── Collected data ──

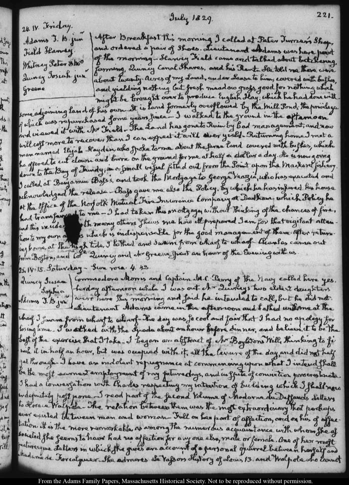 John Quincy Adams diary 36, 1 January 1825 - 30 September 1830, page 221
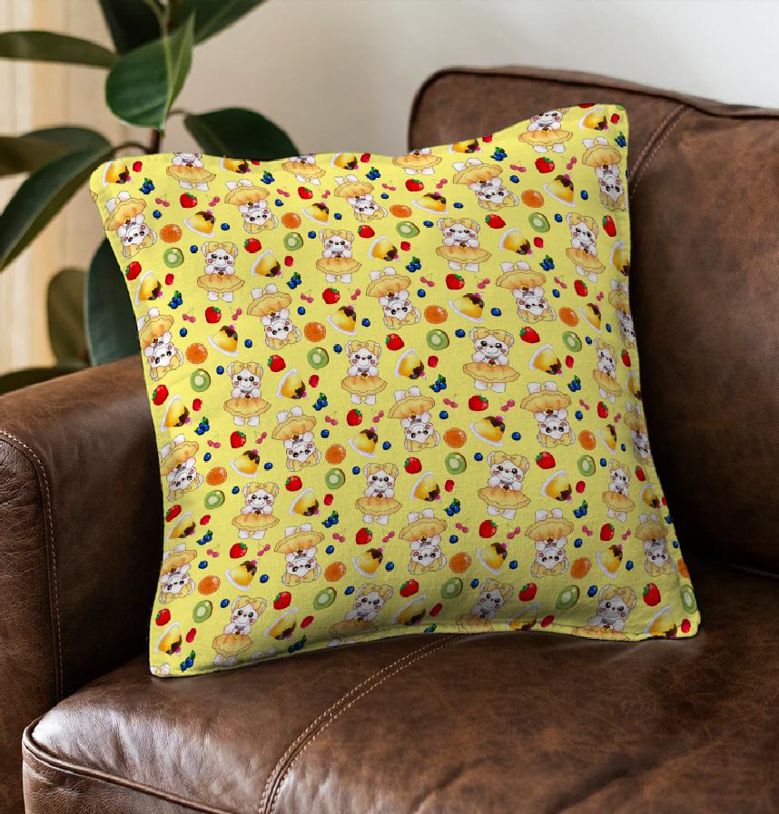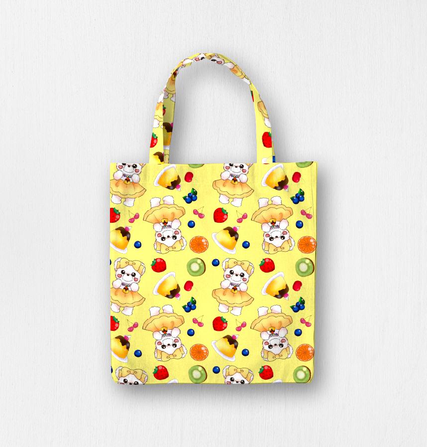 プリンとフルーツ柄で、プリンアラモードをイメージ。
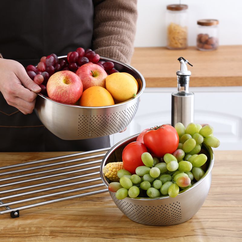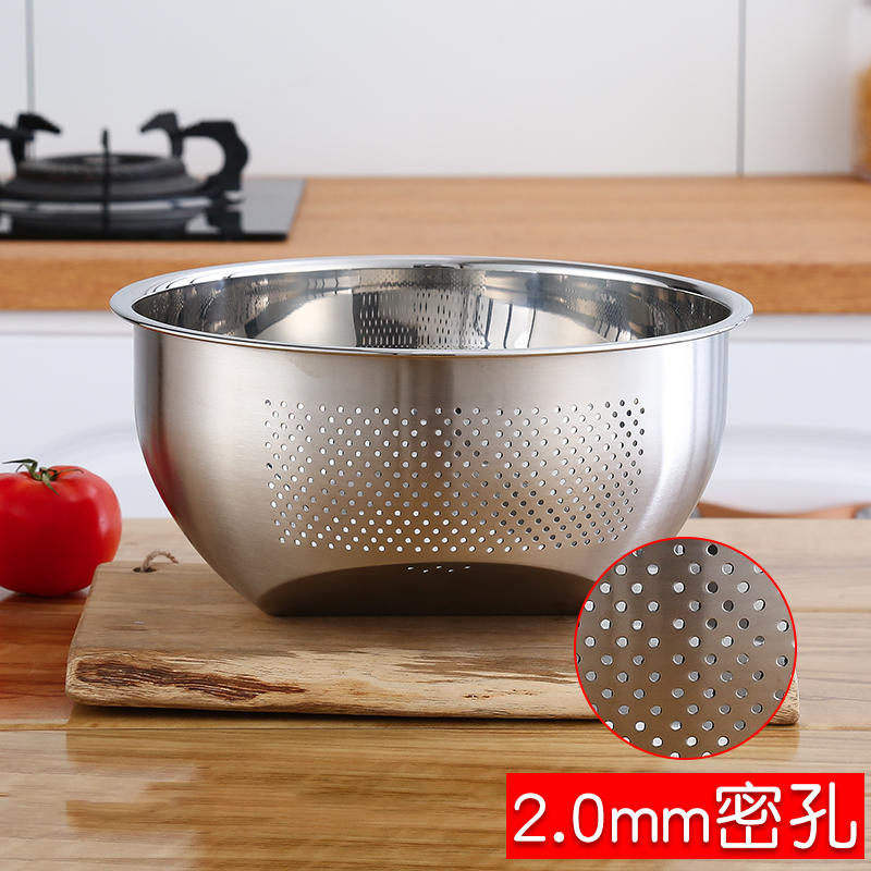 Stainless steel rice washing basin 304 large washing rice washing basin home thickened small hole drain basket round vegetable washing basin
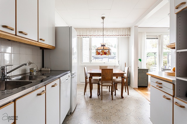 Keittiö, jossa hyvin kaappitilaa ja ruokailutila

───

▸ **Activity**:
Give back the whole listing exactly, without pictures.

▸ **Response**:
 John Quincy Adams diary 36, 1 January 1825 - 30 September 1830, page 221
 プリンとフルーツ柄で、プリンアラモードをイメージ。
 Stainless steel rice washing basin 304 large washing rice washing basin home thickened small hole drain basket round vegetable washing basin
 Keittiö, jossa hyvin kaappitilaa ja ruokailutila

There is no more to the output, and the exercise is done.